After considering all the facts and circumstances in this case, we are of the opinion that the prosecuting attorney's office was right in filing the
charges for robbery, it having been clearly proven that one of the accused threatened the offended party with a revolver while another was sticking
something hard, possibly a revolver also, against her back and that because of the intimidation employed by the accused since the beginning she was
prevailed upon to give them P200.
Another circumstance which should not escape our attention is that, if true that there was a bundle in the rig and that the offended party gave said
sum to the accused as a bribe in view of the supposed contraband that she had, she would not have denounced them to the authorities because,
generally, those who bribe do not denounce such act for the reason that they do not want the object thereof, in this case the alleged contraband, to be
further disclosed to or discovered by others.
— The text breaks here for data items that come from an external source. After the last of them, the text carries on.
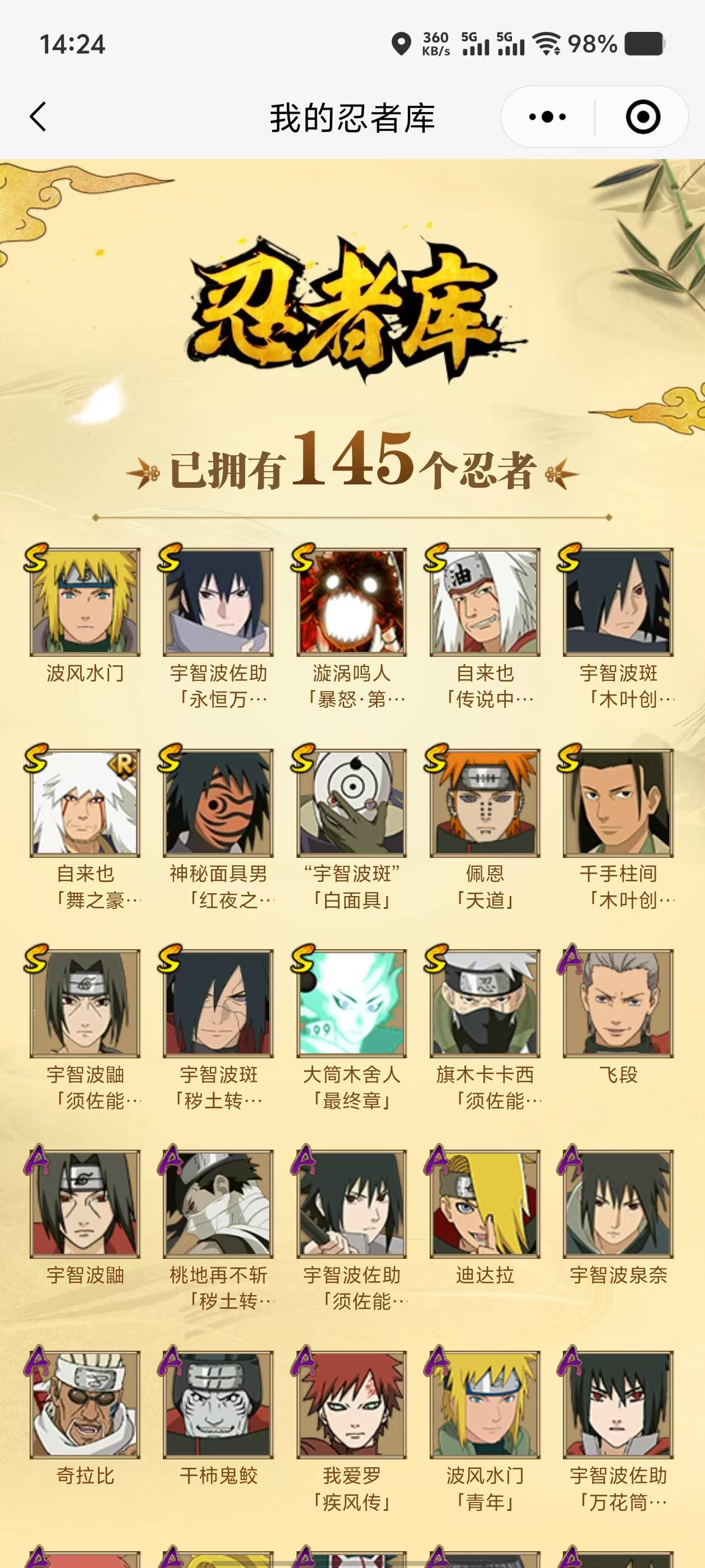 【A忍者】,长十郎「六代目水影」,日向宁次「忍界大战」,漩涡博人「桃式显现」,日向雏田「最终章」,旗木卡卡西「幻之真容」,蝎「绯流琥」,宇智波泉奈,神农「羁绊」,桃地再不斩「秽土转生」,角都「秽土转生」,神秘面具男「忍者之路」,波风水门「青年」,宇智波佐助「须佐能乎」,迪达拉「秽土转生」,角都「晓创生」,千代「近松十人卫」,秋道丁次「忍界大战」,宇智波佐助「万花筒写轮眼」,奇拉比,飞段「死司凭血」,飞段,迪达拉,我爱罗「疾风传」,蝎,干柿鬼鲛,宇智波鼬,猿飞阿斯玛,迈特凯,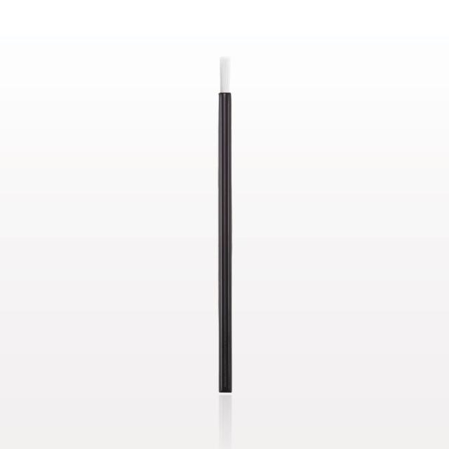 This single-use lip brush applicator with black handle and white nylon tip is perfect for testing lip gloss or lipstick in a retail setting. The bristles are ultra-sonically bonded inside the handle without adhesives to help ensure that the hairs remain in place, preventing shedding during use.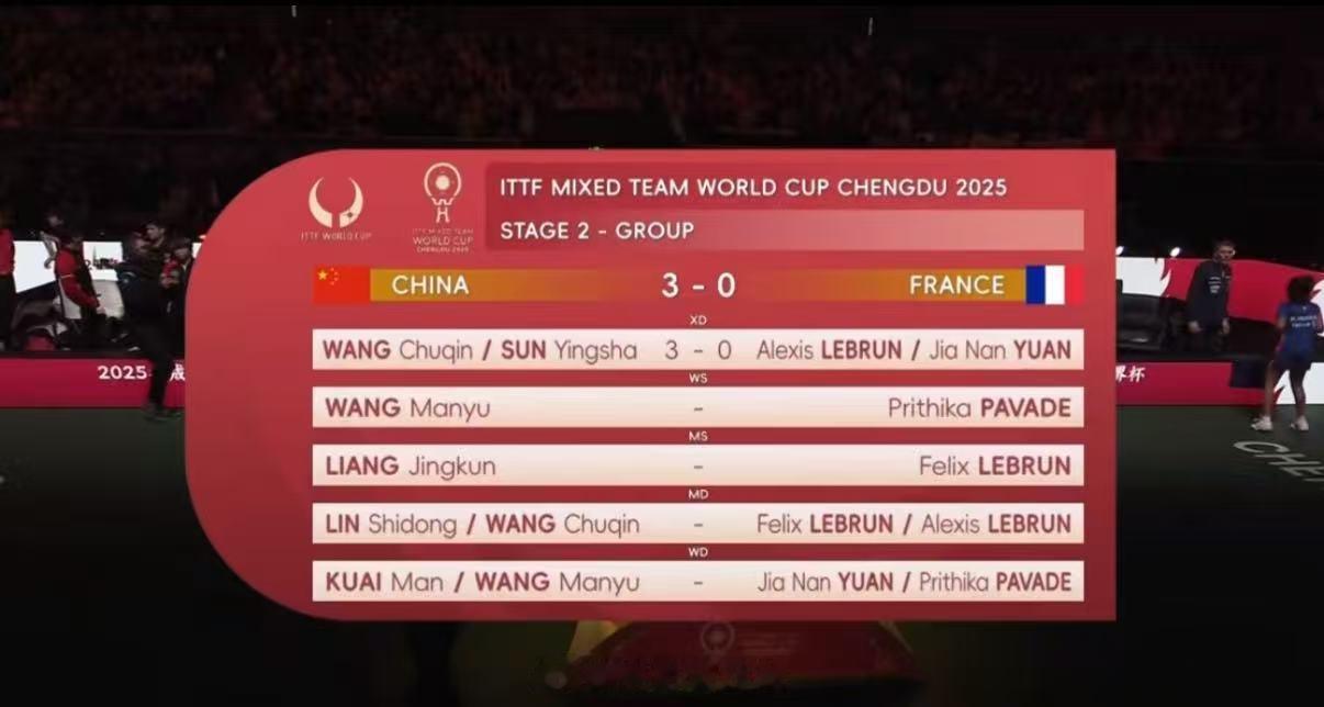 王楚钦孙颖莎vsA勒布伦袁嘉楠莎头组合以11-7逆转、12-10险胜、11-5稳收,默契拉满力克法国强档,为中国队抢占先机!王楚钦孙颖莎3比0勒布伦袁嘉楠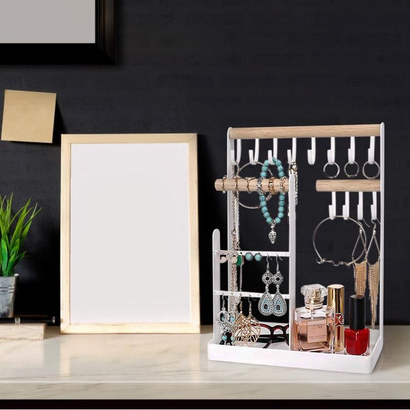 Wood and Iron Jewelry Organizer Stand Holder Display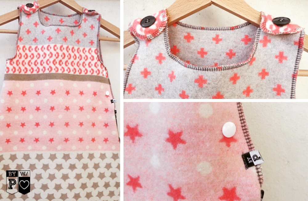 Als Vorlage diente der bereis sehr knappe Schlafsack, unten einfach um 20cm länger zugeschnitten, rundherum einfassen mit der Overlock, Reißverschluß einnähen (was wider erwarten gar nicht so schwierig ist), zusammennähen und fast fertig. Knopflöcher gehen dank der Knopflochfunktion der Nähmaschine ratz fatz, Knöpfe noch annähen und so sehen sie aus: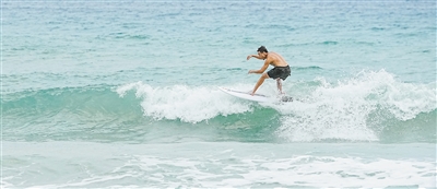 游客在三亚大东海景区冲浪。 海南日报全媒体记者 王程龙 摄

Such is not the case here, because it was the offended party herself who denounced the commission of
the offense to the authorities.
In view of all the foregoing, we find that the prosecuting attorney did not commit any error in proceeding against the accused for robbery and that the
court a quo did not likewise commit any error in convicting the accused of said crime and in imposing the penalty meted out to them, which is
within, the range prescribed by law. The judgment appealed from is therefore affirmed in toto with costs against the appellants.
So ordered.
Moran, C.J., Feria, and Pablo JJ., concur.